2008 International Conference on Parallel Architectures and Compilation Techniques (PACT)

Pub Date : 2008-10-25 DOI: 10.1145/1454115.1454122

Katherine E. Coons, Behnam Robatmili, Matthew E. Taylor, Bertrand A. Maher, D. Burger, K. McKinley

Communication overheads are one of the fundamental challenges in a multiprocessor system. As the number of processors on a chip increases, communication overheads and the distribution of computation and data become increasingly important performance factors. Explicit Dataflow Graph Execution (EDGE) processors, in which instructions communicate with one another directly on a distributed substrate, give the compiler control over communication overheads at a fine granularity. Prior work shows that compilers can effectively reduce fine-grained communication overheads in EDGE architectures using a spatial instruction placement algorithm with a heuristic-based cost function. While this algorithm is effective, the cost function must be painstakingly tuned. Heuristics tuned to perform well across a variety of applications leave users with little ability to tune performance-critical applications, yet we find that the best placement heuristics vary significantly with the application. First, we suggest a systematic feature selection method that reduces the feature set size based on the extent to which features affect performance. To automatically discover placement heuristics, we then use these features as input to a reinforcement learning technique, called Neuro-Evolution of Augmenting Topologies (NEAT), that uses a genetic algorithm to evolve neural networks. We show that NEAT outperforms simulated annealing, the most commonly used optimization technique for instruction placement. We use NEAT to learn general heuristics that are as effective as hand-tuned heuristics, but we find that improving over highly hand-tuned general heuristics is difficult. We then suggest a hierarchical approach to machine learning that classifies segments of code with similar characteristics and learns heuristics for these classes. This approach performs closer to the specialized heuristics. Together, these results suggest that learning compiler heuristics may benefit from both improved feature selection and classification.

通信开销是多处理器系统的基本挑战之一。
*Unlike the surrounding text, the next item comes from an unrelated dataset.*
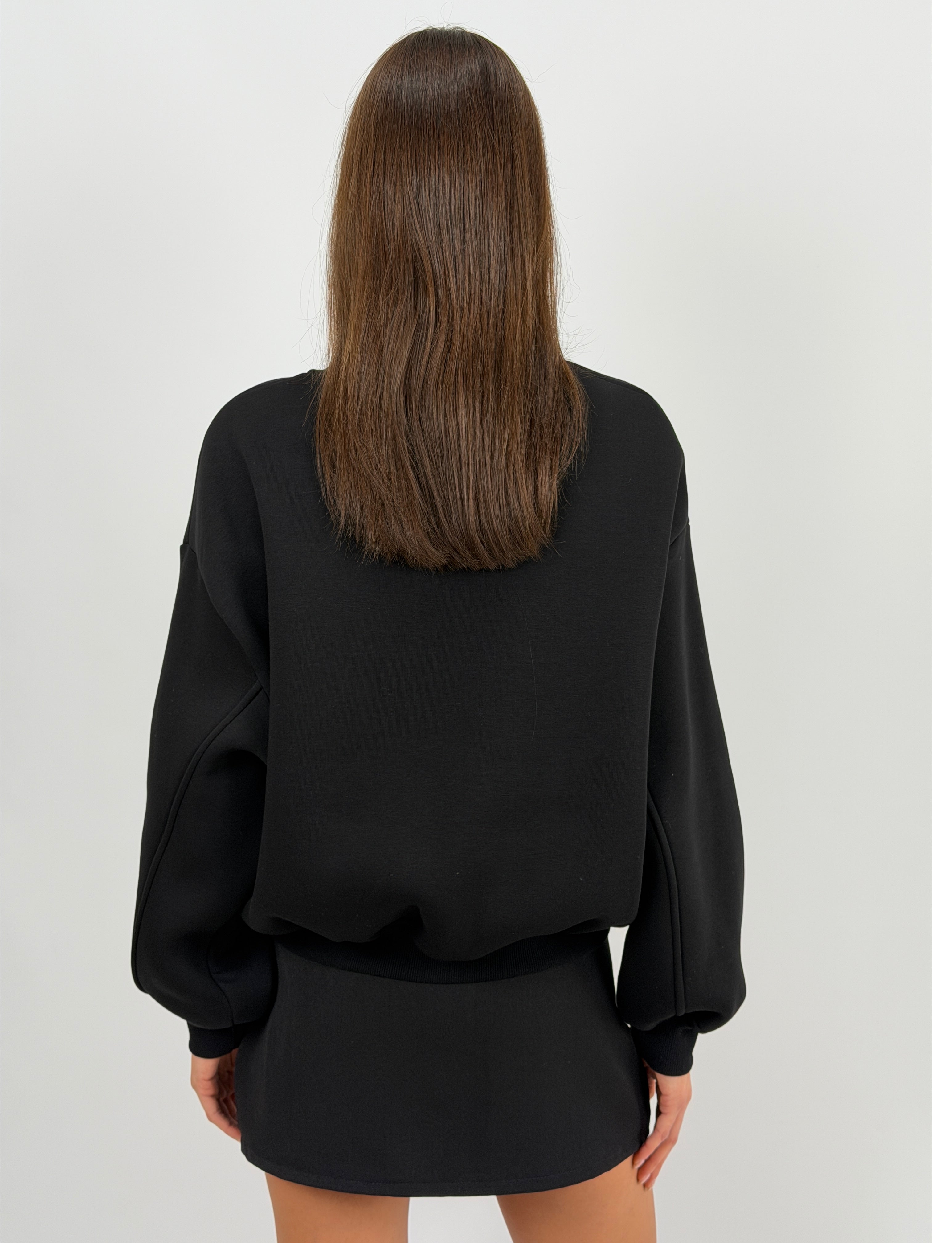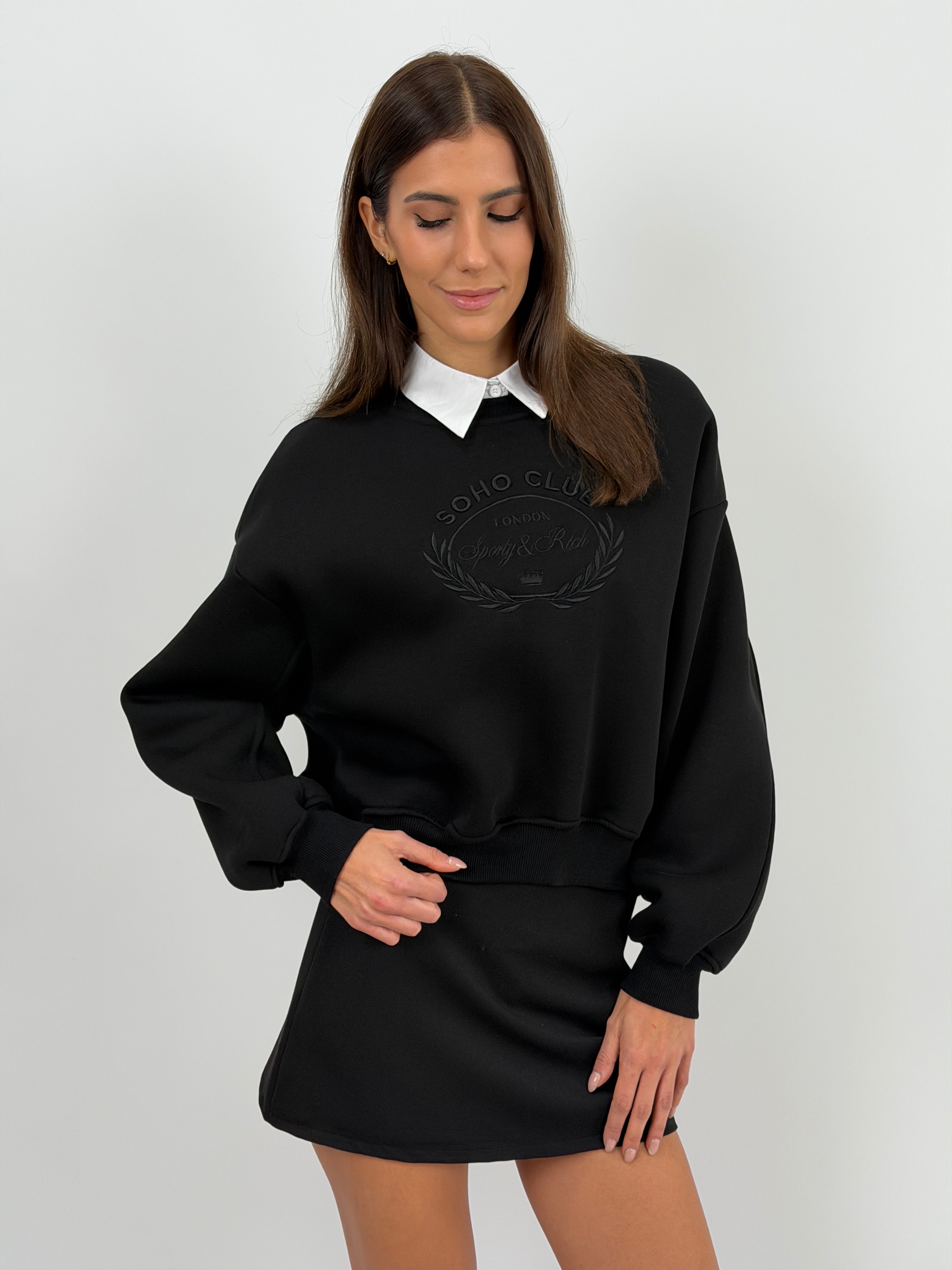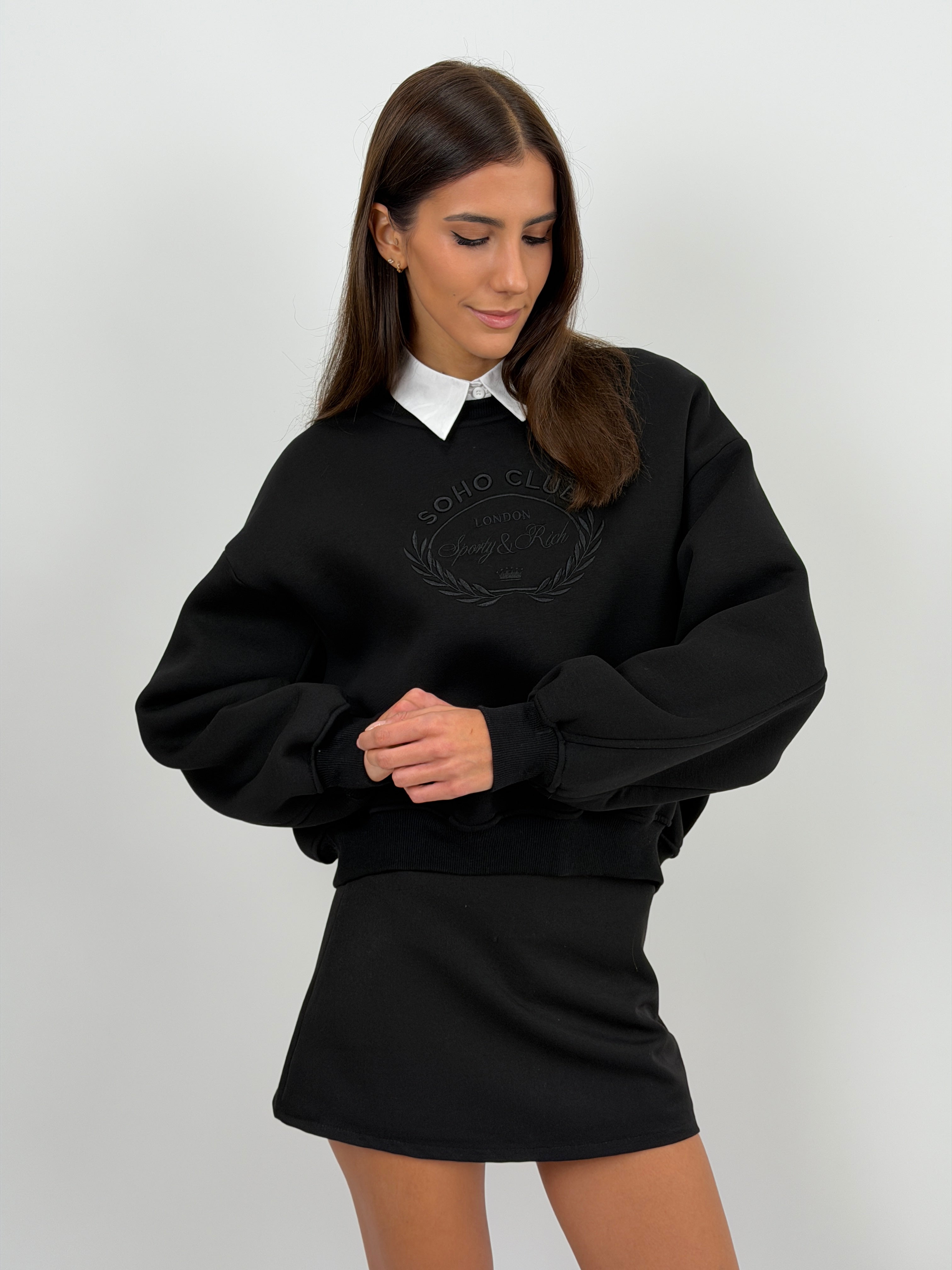 Felpa Lumina nera a girocollo con finiture a costine e ricamo frontale tono su tono

随着芯片上处理器数量的增加，通信开销以及计算和数据的分布成为越来越重要的性能因素。显式数据流图执行(Explicit Dataflow Graph Execution, EDGE)处理器，其中指令在分布式基板上直接相互通信，使编译器能够以精细的粒度控制通信开销。先前的研究表明，使用基于启发式成本函数的空间指令放置算法，编译器可以有效地减少EDGE架构中的细粒度通信开销。虽然这种算法是有效的，但代价函数必须经过艰苦的调整。为了在各种应用程序中表现良好而调整的启发式方法使用户几乎没有能力调整性能关键型应用程序，但我们发现最佳放置启发式方法因应用程序而异。首先，我们提出了一种系统的特征选择方法，该方法根据特征对性能的影响程度来减小特征集的大小。为了自动发现放置启发式，我们将这些特征作为强化学习技术的输入，称为增强拓扑的神经进化(NEAT)，该技术使用遗传算法来进化神经网络。我们证明了NEAT优于模拟退火，这是最常用的指令放置优化技术。我们使用NEAT来学习与手动调整的启发式一样有效的一般启发式，但是我们发现要改进高度手动调整的一般启发式是很困难的。然后，我们提出了一种分层的机器学习方法，对具有相似特征的代码片段进行分类，并为这些类学习启发式方法。这种方法更接近于专门的启发式方法。总之，这些结果表明，学习编译器启发式可能受益于改进的特征选择和分类。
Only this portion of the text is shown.